Opinionated platform for agentic workflows, tooling, and evaluation.
Project description
SignalForge AI
Agent engineering and learning system for production workflows
Build runtime traces, evaluate failures, generate datasets, distill specialists, and benchmark trade-offs.
Project status
SignalForge AI is in active, pre-1.0 development (v0.x).
- APIs and schemas are still converging
- Breaking changes are expected while core runtime contracts are stabilized
- Best fit today: internal platforms, research, and production pilots with pinned versions
See docs/public_contracts.md for the current public surface and experimental
boundaries.
Narrowed product scope
SignalForge AI is narrowing to five pillars:
- OTel/MCP-native runtime + artifact schema
- Evaluation and failure analysis for multi-step, tool-using agents
- Dataset generation from production traces
- Distillation pipeline for specialist small models
- Benchmarking cost, latency, and reliability across models and agent patterns
This is a systems-first direction: execution artifacts and measurable outcomes come before model hype.
Pillars in practice
1) OTel/MCP-native runtime + artifact schema
- Runtime events map cleanly to spans/events for distributed observability
- MCP tool calls are first-class execution units
- Shared artifact contracts for traces, rewards, eval verdicts, and dataset rows
2) Evaluation + failure analysis
- Suite-based evaluation for multi-step workflows
- Step-level and run-level scoring
- Failure taxonomy for tool errors, reasoning failures, recovery failures, and policy failures
- Regression diffing across runs, models, and orchestration patterns
3) Dataset generation from production traces
- Deterministic trace ETL into SFT, preference, repair, and critique datasets
- Provenance from dataset row back to trace/reward artifacts
- Data quality checks for schema validity, leakage risk, and label consistency
4) Distillation for specialist small models
- Teacher traces -> curated supervision -> student training/eval loops
- Focus on narrow specialist capabilities rather than general chat
- Reproducible train/eval pipelines for iterative deployment
5) Cost/latency/reliability benchmarking
- Comparable benchmark matrix across model providers and orchestration patterns
- Explicit trade-off reporting (quality vs cost vs latency vs failure rate)
- Reliability metrics for retries, tool success, and degraded-mode completion
Specialist model exchange
SignalForge AI is expanding toward a specialist model registry/exchange where the published unit is a complete deployable package, not only weights.

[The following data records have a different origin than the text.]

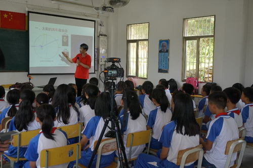 20日上午,作为本次活动的重要组成部分,傅燕宁研究员等一行多人来到南澳县青澳学校,举办该校历史上首次科普讲座,受到学校高度重视和热烈欢迎。傅燕宁研究员以平易通俗的语言,和蔼可亲地向同学们讲解了有关太阳视运动和历法、农历的知识,在座的校长和同学们聚精会神、兴趣盎然,南澳县科协林韵主席等一行多人也闻讯赶来听课。接下来,青岛观象台孙立南台长给大家上了一堂生动的科学手工课,她向在座的师生分发剪纸圭表,带领大家用剪刀、胶纸为工具,奇妙地做出可以测量日影的、简约而不简单的纸质圭表。
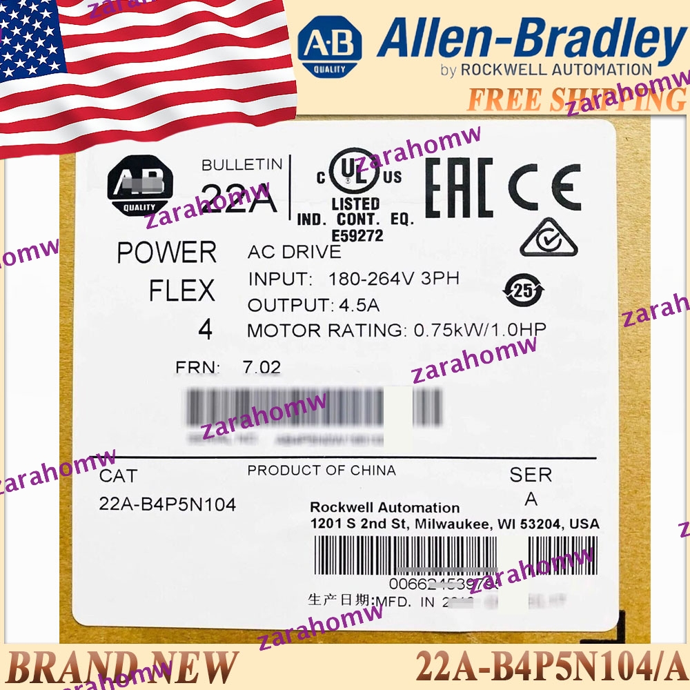 22A-B4P5N104/A Brand New AB PLC PowerFlex AC Drive 22A B4P5N104 serA Free Ship
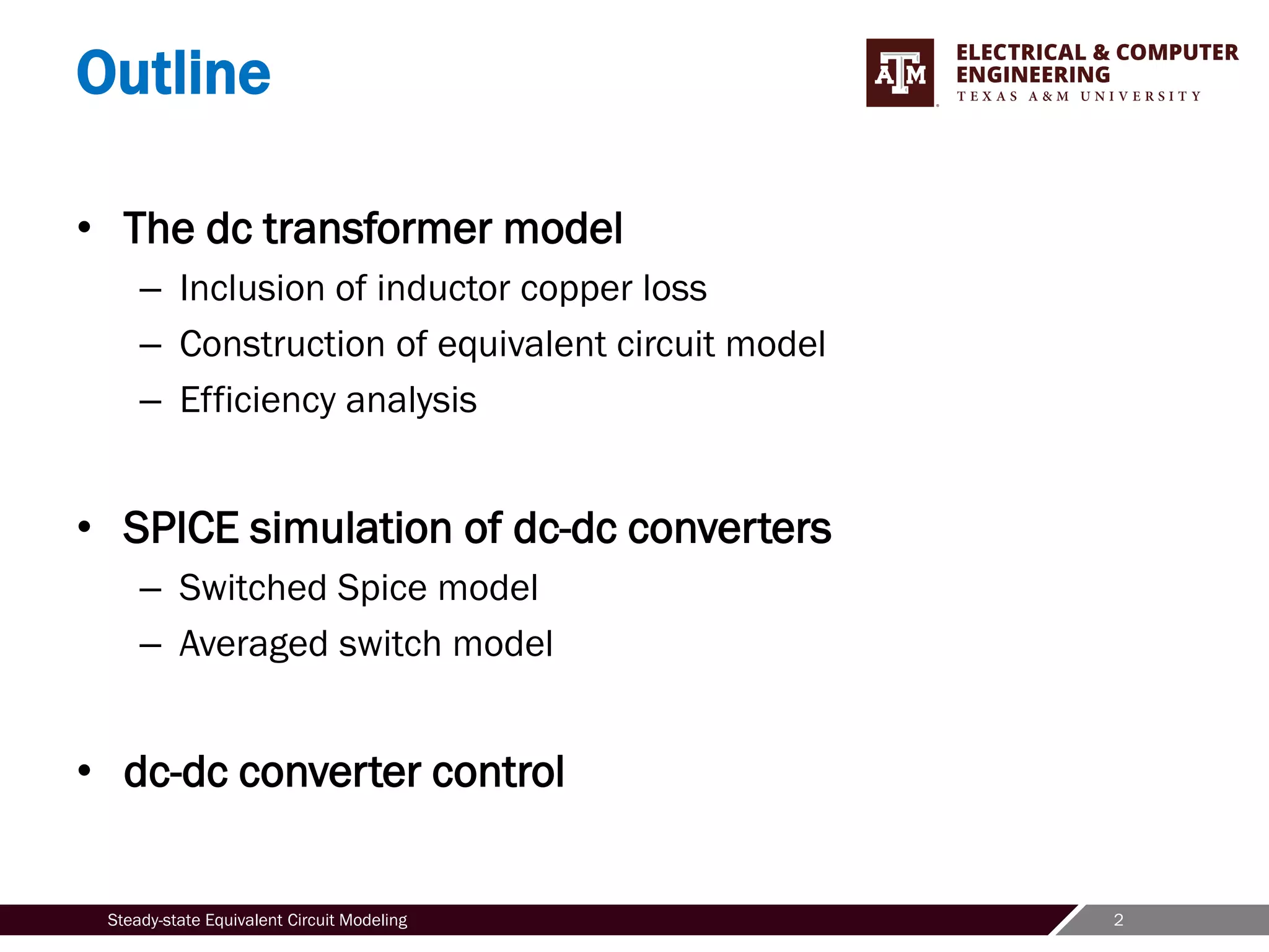 The document discusses steady-state equivalent circuit modeling of DC-DC converters. It covers topics such as the DC transformer model, inclusion of inductor copper loss, construction of equivalent circuit models, efficiency analysis, SPICE simulation techniques including switched and averaged models, and DC-DC converter control including feedback control. The document provides examples of applying these modeling techniques to non-ideal boost converters and synchronous buck converters.

Each exchange unit includes:
- Small domain model
- Eval pack
- Trace/dataset lineage
- Hardware profile
- Failure modes
- License and usage constraints
- Ready-to-run artifacts (adapters, Safetensors/GGUF, Ollama packaging)
Use signalforgeai-exchange to build and validate specialist_model_unit.v0
manifests from training, distillation, and benchmark evidence. See
docs/model_exchange.md, docs/specialist_model_unit_sample.json, and
docs/specs/specialist_model_unit.schema.json for the contract.
Good early domains:
- Nutrition
- Auction houses
- Document-heavy verticals
- Compliance
- Support operations
- Telecom workflows
- Cataloguing
- Extraction
- Ranking
- Summarization
What is already in this repo
- Structured JSONL tracing with validation/inspection/diff tooling
- Evaluation harnesses and benchmark suites with reward artifacts
- Dataset export pipelines (SFT, preferences, repair pairs, curriculum)
- Learning/routing infrastructure and experimental SFT/DPO training utilities
- Multi-provider model abstraction (OpenAI, Ollama, HF, dummy)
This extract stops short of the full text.